Trump signs new proclamation allowing targeted relief for steel and aluminum import quotas
Following the decision to place tariffs on steel and aluminum imports, Trump signed a new proclamation that will grant an exclusion from its quotas.
In recent developments, U.S. President Donald Trump signed a new proclamation that provides companies with targeted relief for steel and aluminum imports from other countries, barely a year after initially putting tariffs on them back in March.
According to a statement released by the U.S. Commerce Department on Wednesday, this proclamation will apply to countries currently subjected to quotas, such as steel from South Korea, Brazil, Argentina, and aluminum from Argentina.
Based on “insufficient quantity or quality available from U.S. or aluminum producers,” any company from the mentioned countries has the choice to apply for excursions. If granted, there would be no tariff owed, and the company can be excluded from the quota.

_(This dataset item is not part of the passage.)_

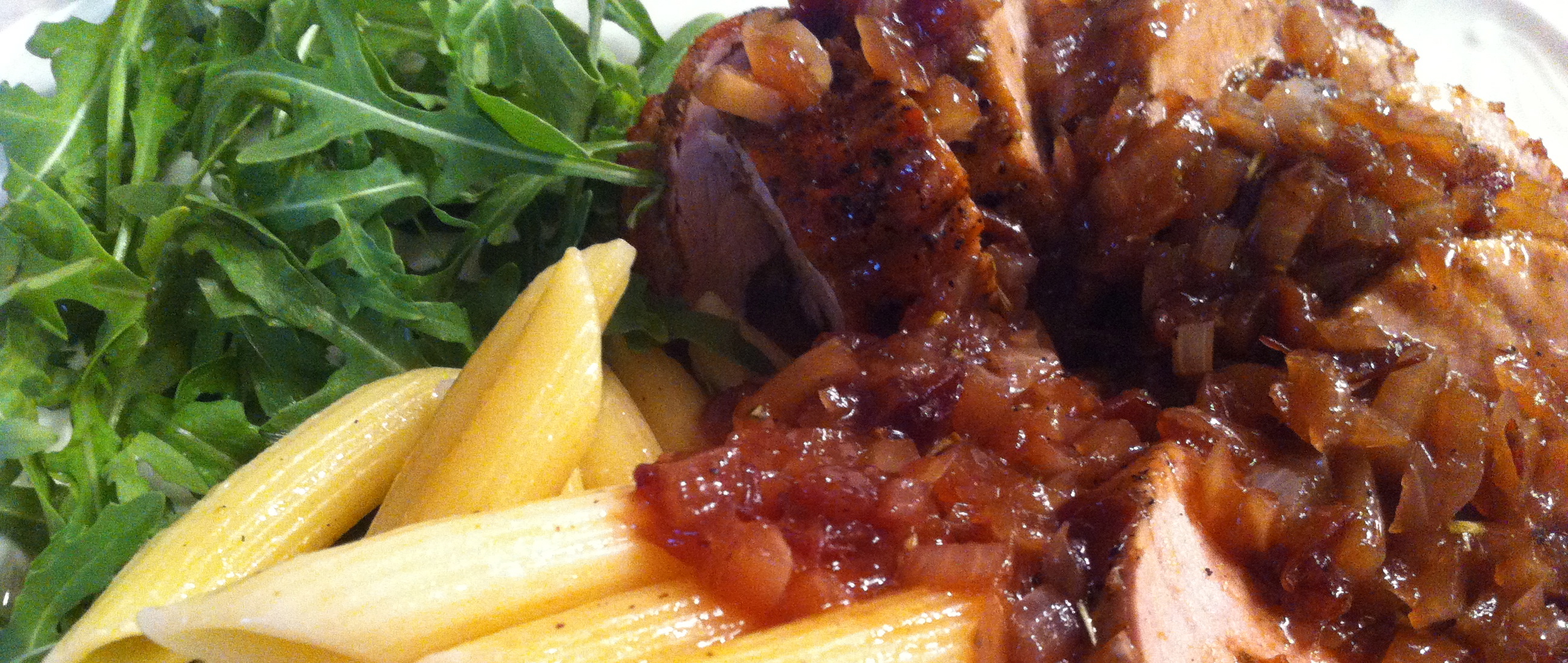 Serve with the sauce spooned over the slices. Some rocket salad balances the sweetness of the sauce nicely.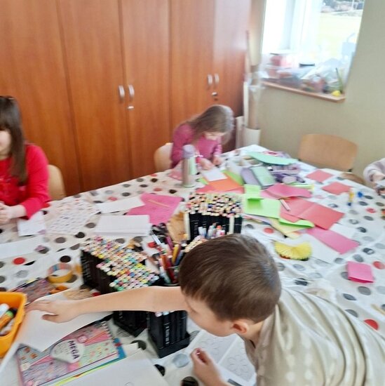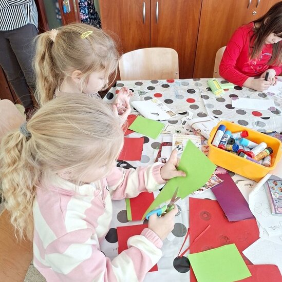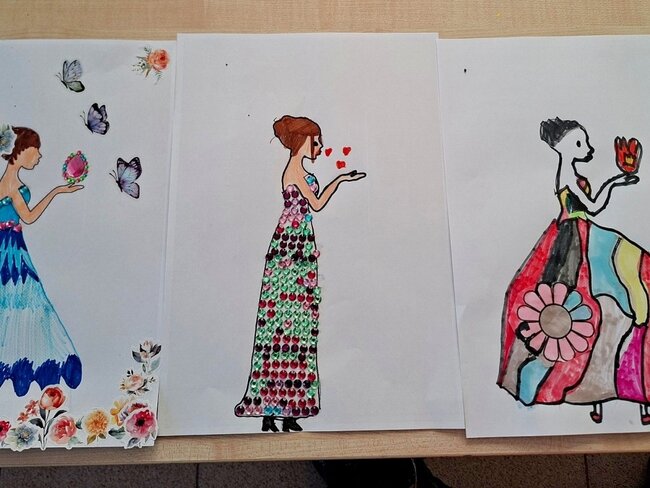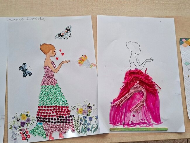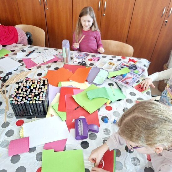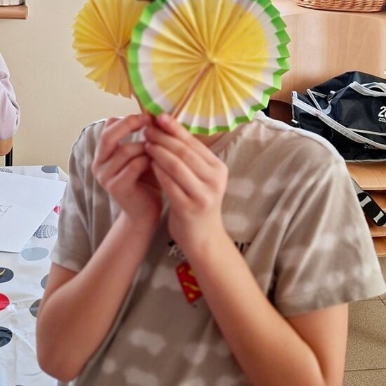 Tym razem odbyły się zajęcia plastyczne, podczas których nie brakowało rozmów, śmiechu oraz świetnej zabawy. Powstały arbuzowe wachlarze oraz piękne postacie w kolorowych sukniach z błyszczącymi ozdobami – czyli to, co dzieci lubią najbardziej.

As per the same release, U.S. Secretary of Commerce Wilbur Ross said, “President Trump has once again shown his commitment to American workers and businesses, protecting our national security from the threat posed by steel and aluminum imports. This proclamation provides the department the same product exclusion authority for quotas that we already have for tariffs.”
In a few cases, due to the quota being presently reached, construction steel that is ordered before the said quota was first imposed may not be able to enter the country. In this case, the steel may be granted exclusion from the quota, but the 25 percent tariff still needs to be paid.
Tariffs upon tariffs
The background of this new proclamation started earlier this year, long before Trump first placed tariffs on imports. Two reports explaining the effects of steel and aluminum imports on the U.S. were submitted by Secretary Ross to the President.
According to Reuters, the investigation, dubbed as “Section 232,” started back in April last year, and was kept under wraps at the Commerce department. However, the agency was given a deadline to present its report to the White House come January 2018.
The report then found that due to immense quantities, steel and aluminum imports in the U.S. are under such circumstances that it can easily threaten U.S. National Security. Citing National Security concerns and protectionist policies, March then saw Trump taking action by placing a 10 percent tariff on aluminum imports and 25 percent tariff on steel imports effective March 23.
Following this, Trump argued that trade trends “destroyed” the steel and aluminum companies in the U.S., saying, “People have no idea how badly our country has been treated by other countries. By people representing us who didn’t have a clue.”
However, not everyone agreed with Trump. Some are surmising that this will only result in the escalation of the U.S.’ trade war with major world economies, such as China, while some say that this is merely the latest in a series of actions targeting the current trade practices of other foreign countries.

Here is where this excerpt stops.